Improved suspension dewaterability using a novel pelleting flocculation device

The decline in ore grades and increasing clay content in ore bodies present significant dewatering challenges for the mining industry, as finer grinding is required to liberate target minerals. This results in the production of fine mineral gangue, including clay minerals, which are discharged as tailings. Tailings are typically treated with flocculants to aggregate fine particles, improving settling and permeability. However, flocculation forms strong particle networks with reduced compressibility, constraining thickened slurry density and filter cake moisture.

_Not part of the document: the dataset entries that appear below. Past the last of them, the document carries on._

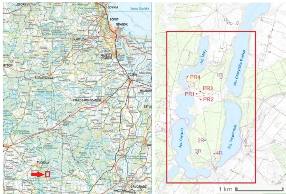
Fig. 1. Map of experimental field (PR – measurement profiles, R – investigation drillings).
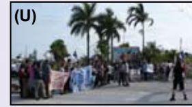
(U) 18 Feb: Earth First! blockade
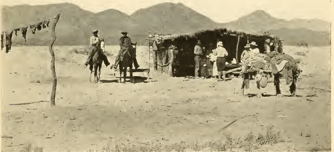
FIG. 2.—AN INDIAN HABITATION BETWEEN THE HARDY RIVER AND THE COCOPAH MOUNTAINS. THE WALLS AND ROOF OF THE STRUCTURE ARE MADE OF ARROWWEED. AT THE LEFT, A SUPPLY OF BEEF IS SUSPENDED FROM A LINE TO BE SUN-CURED OR "JERKED".
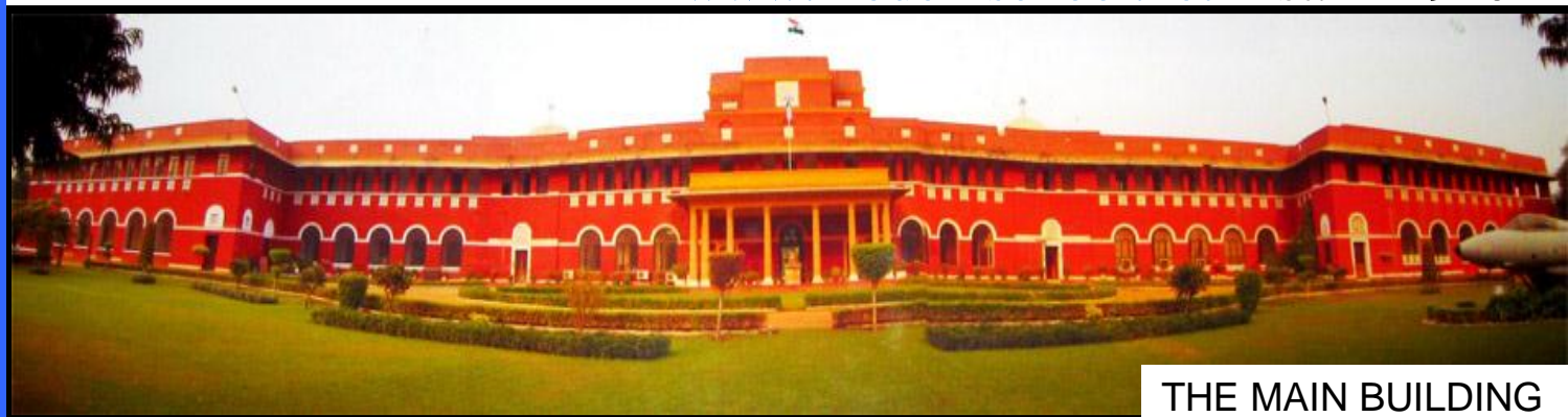
THE MAIN BUILDING
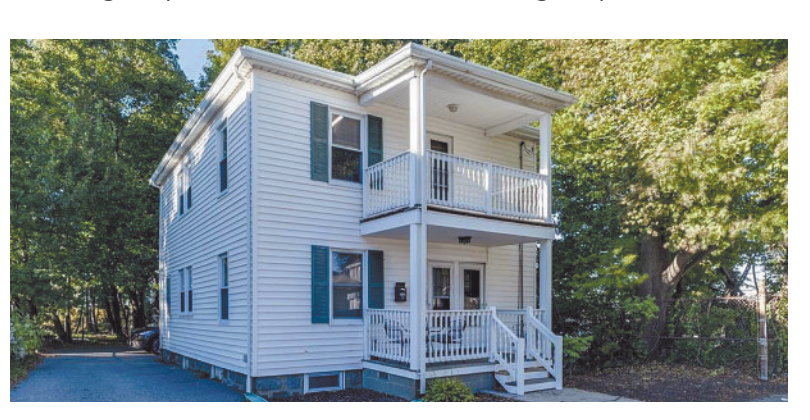
12-14 Mound Street, Quincy | Sold $525,000 | 4 BD | 2 BA | 1,500 SF
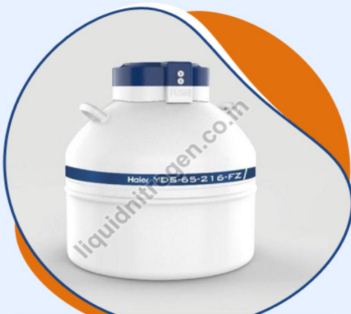
Liquid Nitrogen Dewar For Cryo Biological Transport
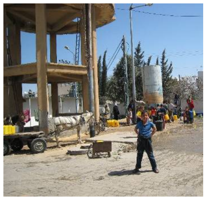
Residents filling containers of drinking water at a water purification plant in Khan Yunis, Gaza Strip

The yearly sustainable yield of the Coastal Aquifer in Gaza, some 55 MCM, falls far short of the population's needs. Israel does not allow the transfer of water from the Mountain Aquifer in the West Bank to Gaza. (In any case, such transfers would be feasible only if Israel allowed the Palestinian population of the West Bank access to a more equitable share of the Mountain Aquifer, as the current allocation is not sufficient to meet even their own needs.)
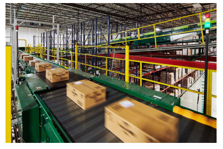
Partial fixed automation: Conveyors, palletizers, pallet shuttles, vertical lifts
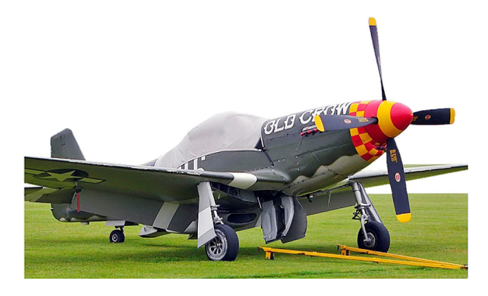
Canopy Cover, Chin Scoop & Exhaust Plugs
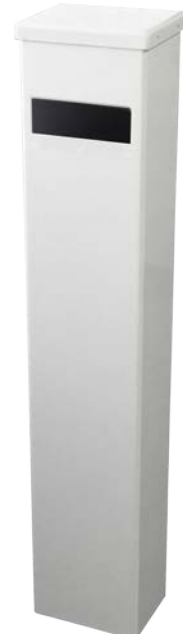
White powder-coated (standard)
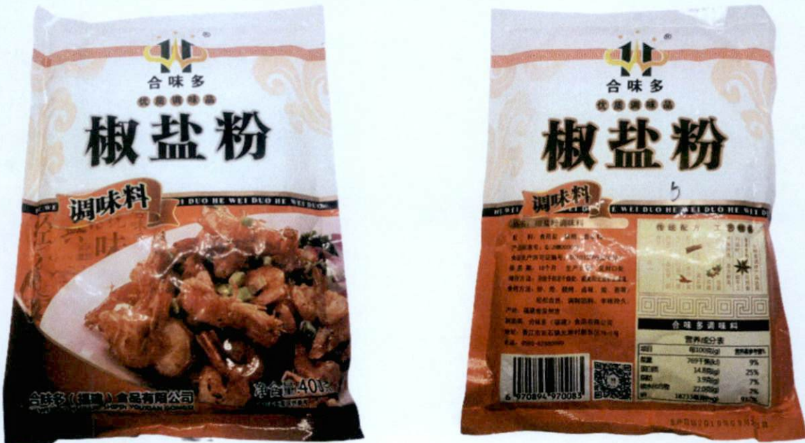
Figure 1. Unregistered HE WEI DUO (FUJIAN) Shipin Youxian Gongsi (In Foreign Language)

The Food and Drug Administration (FDA) warns all healthcare professionals and the general public NOT TO PURCHASE AND CONSUME the following unregistered food products:
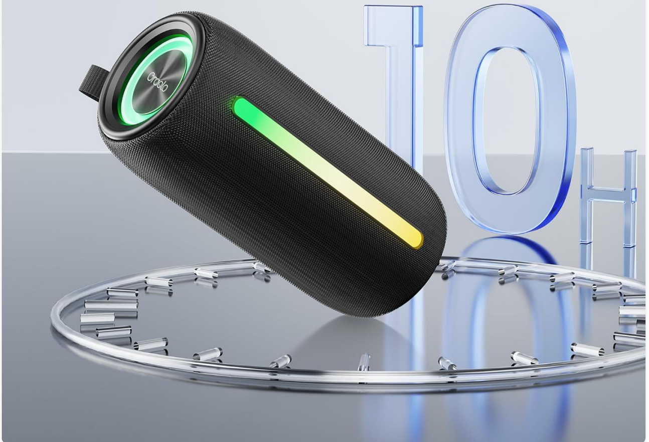
Image: The Oraolo speaker with a large '10H' graphic, indicating its extended playtime capability.

Provides up to 10 hours of playtime at 50% volume off-light
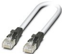
Patch cable, CAT5, assembled, 0.3 m

Please be informed that the data shown in this PDF Document is generated from our Online Catalog. Please find the complete data in the user's documentation. Our General Terms of Use for Downloads are valid ( http://phoenixcontact.com/download )
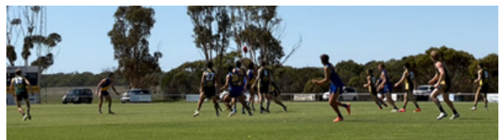
ABOVE: Tailem Bend Eagles in action ahead of the 2026 season, building momentum with eyes on finals.

On March 21, the Eagles Reserves and League teams hosted the Marion Rams Football Club (MFC) at home for a trial match. The Rams built a comfortable lead in both matches, but the A Grade Eagles fought back late in the game with a strong effort. Ultimately, MFC won both matches, giving Tailem an opportunity to reflect ahead of the RMFL season.
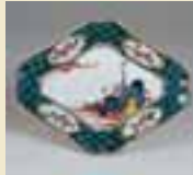
Rhombic Dish with Overglaze Polychrome Enamel Design of Boat Fishing (1650 - 1660s)
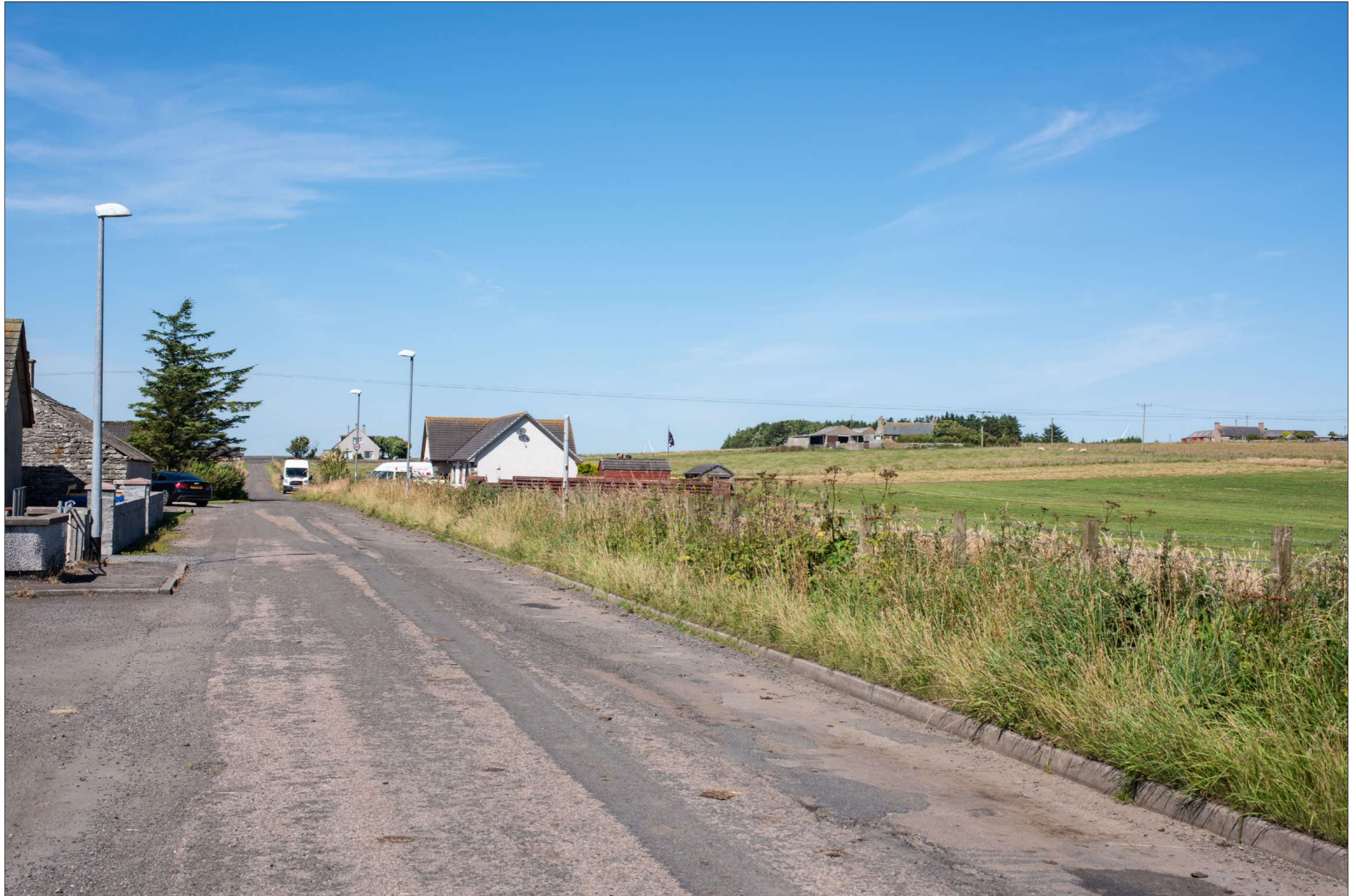
Figure: 7.27-THC-03 Viewpoint 14: Keiss

When viewed at a comfortable arm's length (approx. 500 mm), this printed image is representative of our detailed central vision, but is not representative of scale and distance.

This study demonstrates a novel vertical screw pelletiser prototype for pelleting flocculation of kaolin suspensions, aimed at improving both compressibility and permeability by forming compact pelletised aggregates. Using an oil-in-water emulsion and a polymer flocculant for adhesion, kaolin particles with a Sauter diameter of 1.4 µm were aggregated and pelletised into centimetre-sized pellets with solids fraction up to 0.15 v/v (0.31 w/w).

The dewatering properties of the pellets were quantified and modelled using comprehensive dewaterability analysis. Compared to the conventional flocculation methods, which typically improve permeability at the expense of compressibility, pelleting flocculation improved both the compressibility and permeability. The thickener modelling showed that, to achieve an underflow solids concentration of 0.20 v/v (0.40 w/w), systems fed with pelletised aggregates could operate at a solid flux 13 times higher than those using conventional flocculated aggregates. Similarly, to achieve a filter cake solids concentration of 0.40 v/v (0.64 w/w), filters fed with pelletised aggregates required 16 % less filtration area and 18 % shorter filtration time compared to conventional flocculated feeds. This work highlights pelleting flocculation as a promising alternative to conventional flocculation, resulting in significant improvements in the thickener performance and offering a practical solution to the challenges of processing fine and clay-rich tailings in mineral processing.